Die von Schlüter vertretene Richtung der deutschen A. entspricht in ihrem Stilcharakter im allgemeinen dem italienischen Barockstil, der seit der Mitte des 17 Jahrh. durch italienische Architekten vornehmlich in den katholischen Ländern Deutschlands und in Österreich in Aufnahme kam. Besonders reich an Schöpfungen des Barockstils (Kirchen und Palästen) sind Wien, Prag (s. den Palast Czernin auf Tafel XII, Fig. 1), Salzburg, Innsbruck, Bamberg, München und Mainz. Gegen diesen italienischen Barockstil erhob sich seit dem Ende des 17. Jahrh. mehr und mehr der Einfluß der französischen A., der schon im zweiten Jahrzehnt des 18. Jahrh. auch in Deutschland zur Herrschaft kam und zu der unter dem Namen Rokoko bekannten, eigenartigen Ausbildung gelangte.
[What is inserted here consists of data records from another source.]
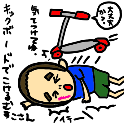 そんなわけで、さっそくキックボードにのったようですが、早速こけて顔すりむいたようです。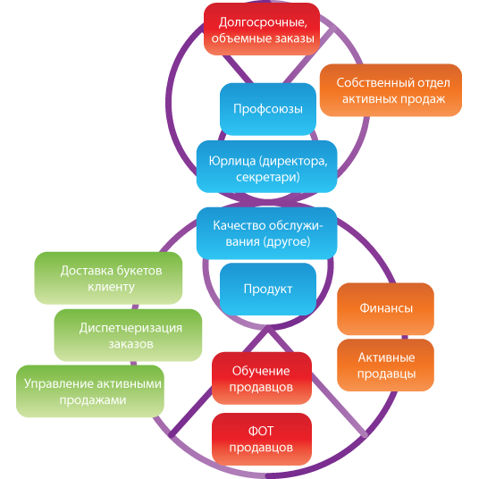 В данном случае акцент сделан на продаже подарочных букетов компаниям активным отделом продаж. Задача продавцов – реализовать годовую подписку на услуги по доставке букетов к необходимой дате.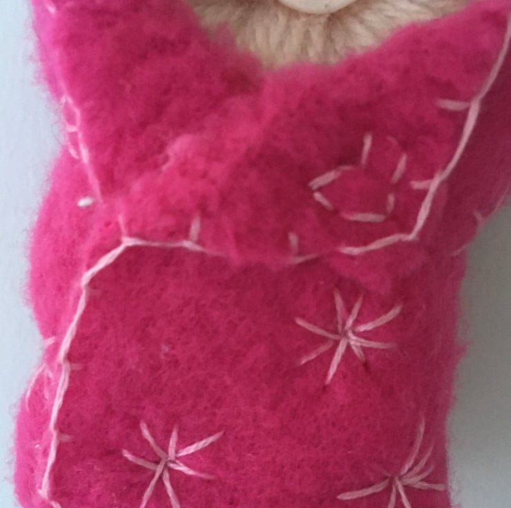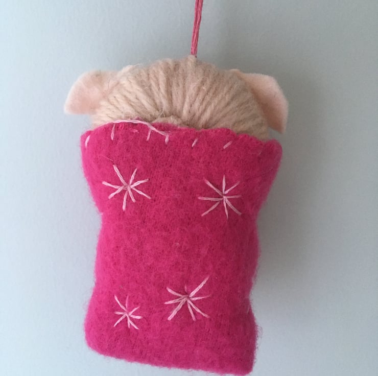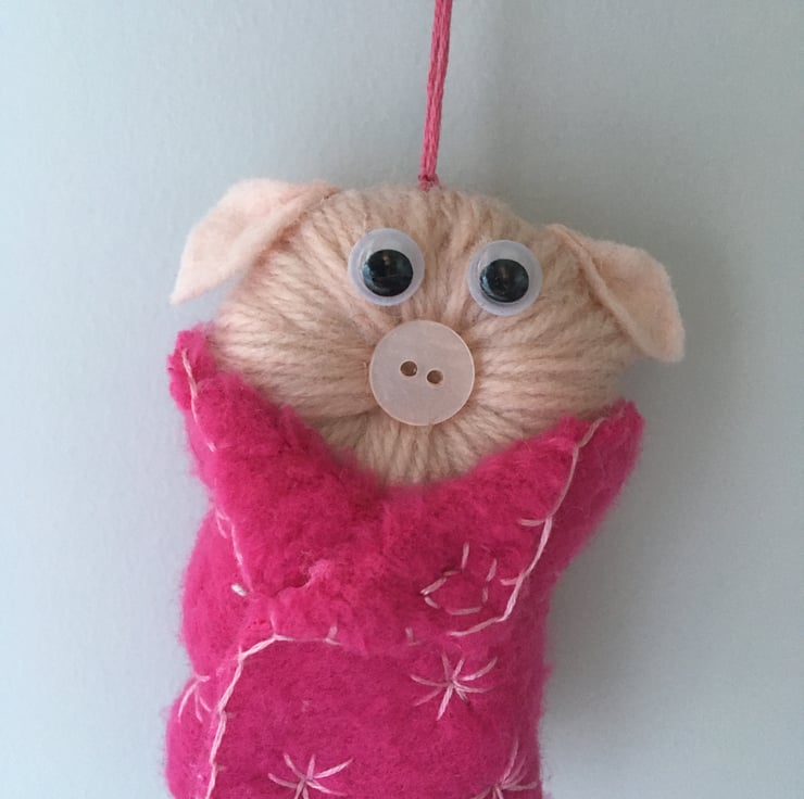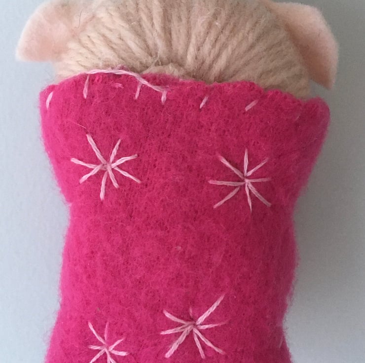 They are made by wrapping wool around curtain rings foraged from charity shops. A pink button is used as the pigs nose. Googly eyes are added and little felt ears. Each pig is wrapped in a fleece blanket, which is them embellished with hand embroidery.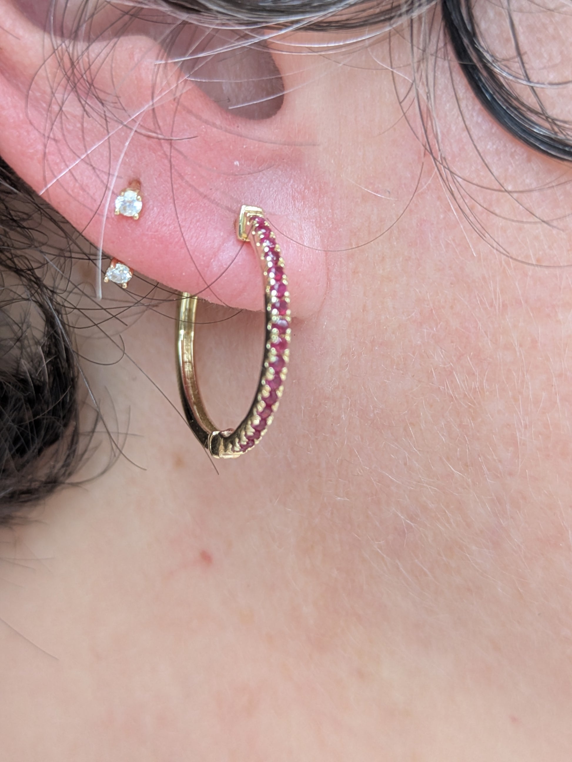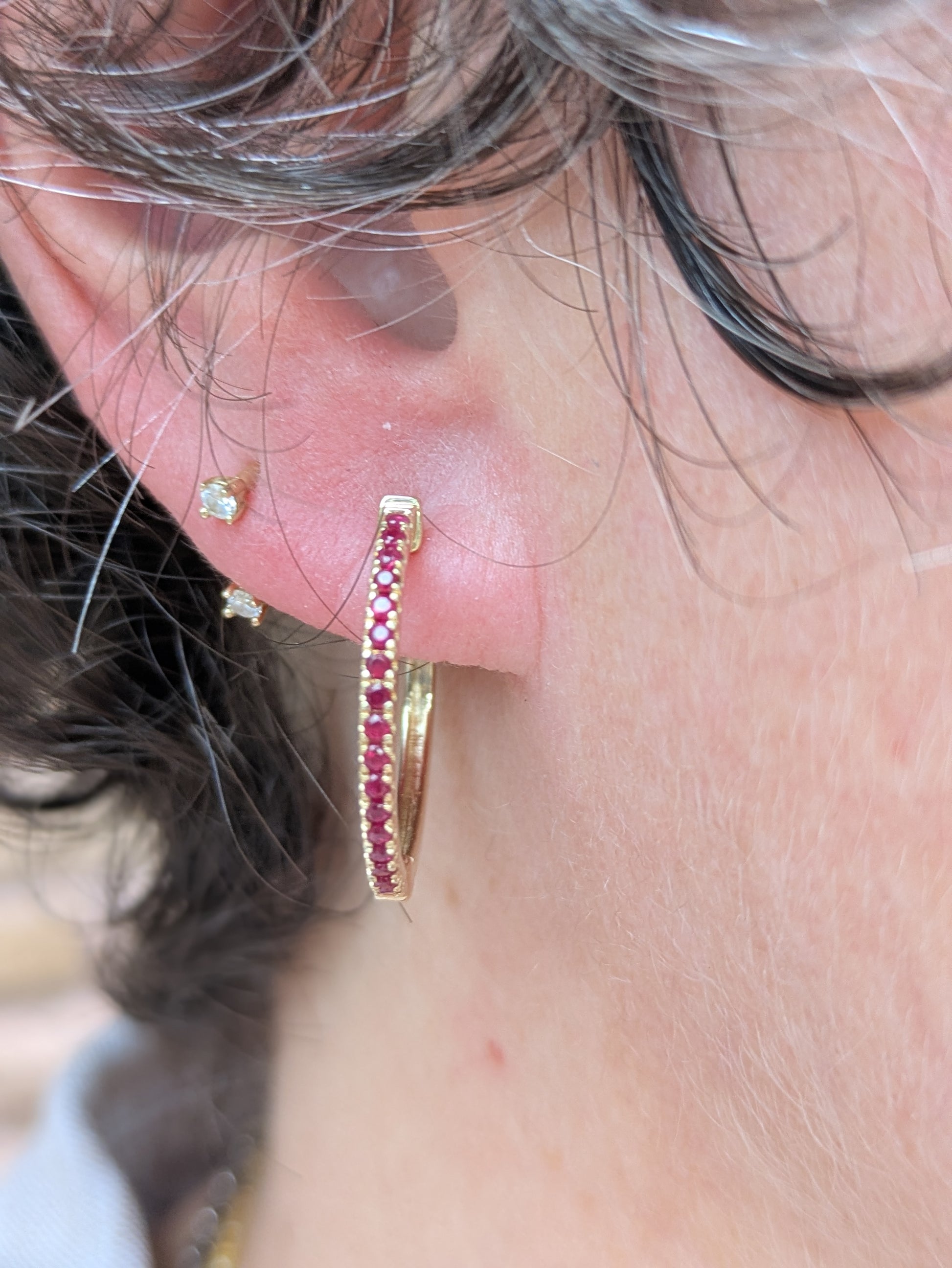 14k Ruby Hoop Earrings

Das Rokoko ist kein eigentlicher Architektur-, sondern ein Dekorationsstil. Es setzt an die Stelle der prunkvollen Säulenausstattung und Gebälkarbeit römischer Herkunft ein üppiges Geranke von Muscheln und Schlinggewächsen, von Palmen und gebogenen Leisten, für deren Zusammenstellung nur leichtes Geringel und flache Haltung Gesetz sind (s. Tafel »Ornamente IV«, Fig. 17). Kahle Wände und Decken sind dem Rokoko am erwünschtesten, geradlinige Gliederungen vermeidet es. Charakteristisch ist ferner, daß es sich besonders im Innenraum entfaltet, in Verbindung mit eingelassenen Spiegeln, glitzernden Glaslüstern, Porzellan-Etageren und chinesisch-japanischen Kunsterzeugnissen, die überhaupt von größtem Einfluß auf den Stil geworden sind, und zwar in Form, Muster und Farbe. Die deutschen Residenzen sind noch reich an Schöpfungen der A. und der Dekorationskunst des Rokoko, unter denen der von Pöppelmann erbaute Zwinger zu Dresden (Tafel XII, Fig. 4), das Schloß Sanssouci bei Potsdam und die Pavillons von Nymphenburg hervorragen. Auch der auf das Rokoko (Style Régence und Louis XV) folgende, die Rückkehr zu größerer Strenge bezeichnende Stil Louis XVI fand an den deutschen Höfen Nachahmung. Man nannte diesen Stil, der sich als eine Reaktion gegen die Ausartungen des Rokoko darstellt und eine Wiederbelebung des antiken Stiles versuchte, später mit unbegründeter Verachtung den Zopfstil. Zum Durchbruch gelang die Anlehnung an die Antike aber erst gegen Ende des 18. Jahrh.

Die neuere Architektur.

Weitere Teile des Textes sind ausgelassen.